/---

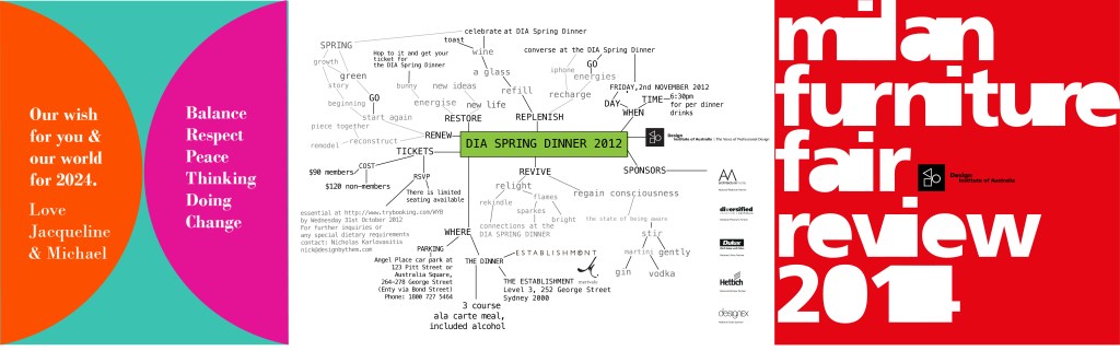 1 My annual Christmas greetings 2. An on line invitation design and collateral for the Design Institute of Australia’s annual Spring Dinner. the visual language was inspired by the process of mind mapping.3. Promotional collateral for print and on line for the Design Institute of Australia
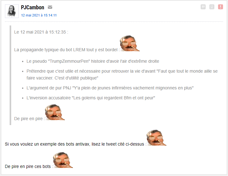 Si vous voulez un exemple des bots antivax, lisez le tweet cité ci-dessus
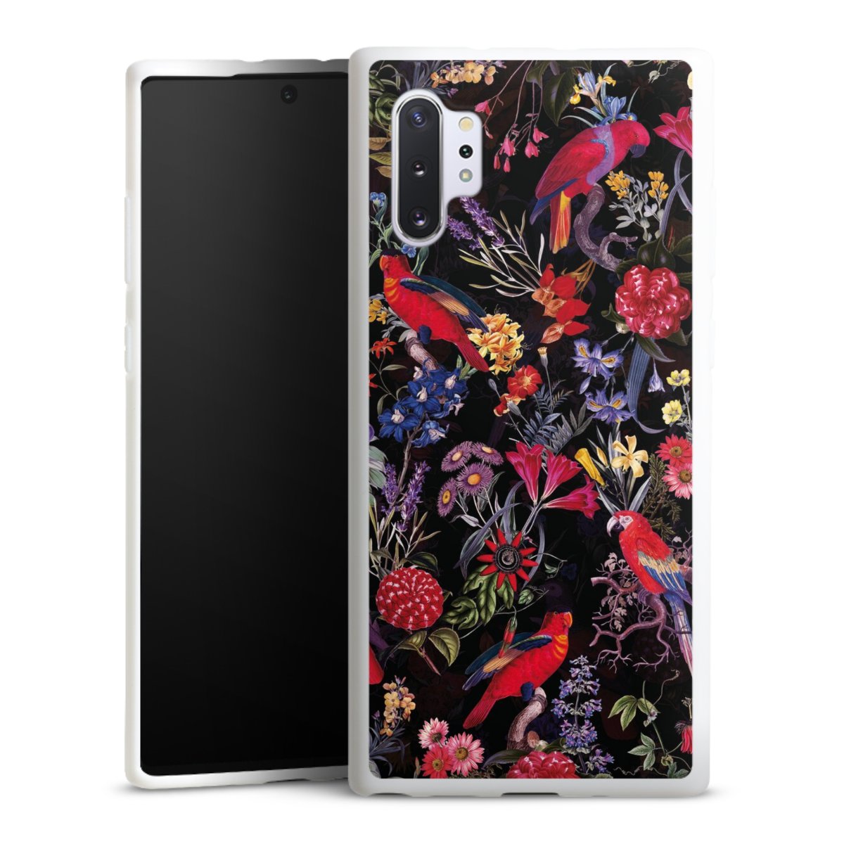 Dark Flowers and Parrots
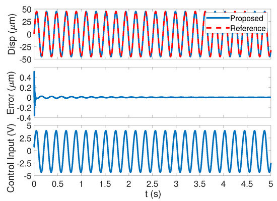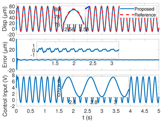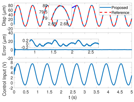 The tracking performance of the sinusoid signal in with a rip length of m is presented in Figure 6. The top subfigure presents the output displacement of the system in contrast with the reference, which reveals that, with a large travel range and relatively high speed, the proposed control strategy can compensate for the nonlinearity, disturbances, and uncertainties to ensure high accuracy tracking. The middle subfigure illustrates that the tracking error converges to a very small neighborhood of zero. The oscillating actions in the starting transient interval are caused by the large initial step of thermal drift. The mean absolute error (MAE) of the control method in is 0.0054 m, which is neglectable when compared with the trip length. The bottom subfigure is the control input, which is smooth and effective.
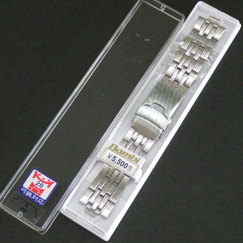 BAMBI バンビ 時計ベルト ステンレスバンド 8mm(18mm 20mm 対応 弓カン付属) シルバー 部分鏡面 プッシュ式ダブルロックバックル
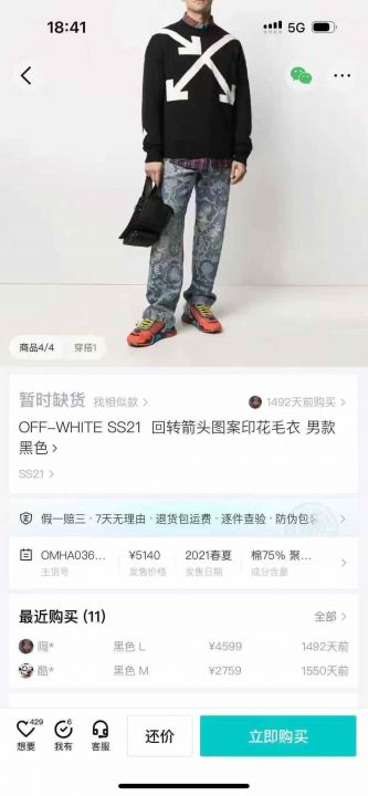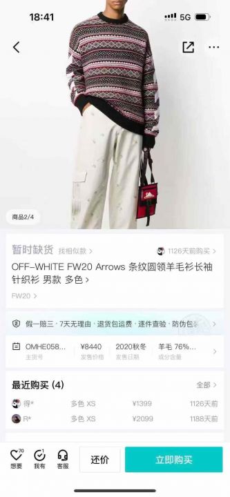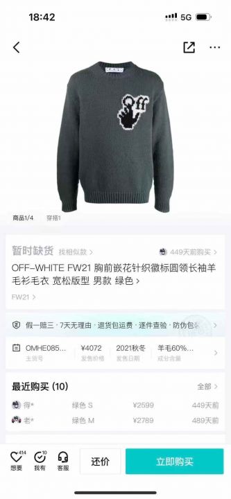 1700多件OFF毛衣。 货号:32539

\---

-- Exercise --
Transcribe nothing but the lines from the one containing "Si vous voulez" through the final line of the records, exactly as written and without pictures.

-- Answer for this exercise --
 Si vous voulez un exemple des bots antivax, lisez le tweet cité ci-dessus
 Dark Flowers and Parrots
 The tracking performance of the sinusoid signal in with a rip length of m is presented in Figure 6. The top subfigure presents the output displacement of the system in contrast with the reference, which reveals that, with a large travel range and relatively high speed, the proposed control strategy can compensate for the nonlinearity, disturbances, and uncertainties to ensure high accuracy tracking. The middle subfigure illustrates that the tracking error converges to a very small neighborhood of zero. The oscillating actions in the starting transient interval are caused by the large initial step of thermal drift. The mean absolute error (MAE) of the control method in is 0.0054 m, which is neglectable when compared with the trip length. The bottom subfigure is the control input, which is smooth and effective.
 BAMBI バンビ 時計ベルト ステンレスバンド 8mm(18mm 20mm 対応 弓カン付属) シルバー 部分鏡面 プッシュ式ダブルロックバックル
 1700多件OFF毛衣。 货号:32539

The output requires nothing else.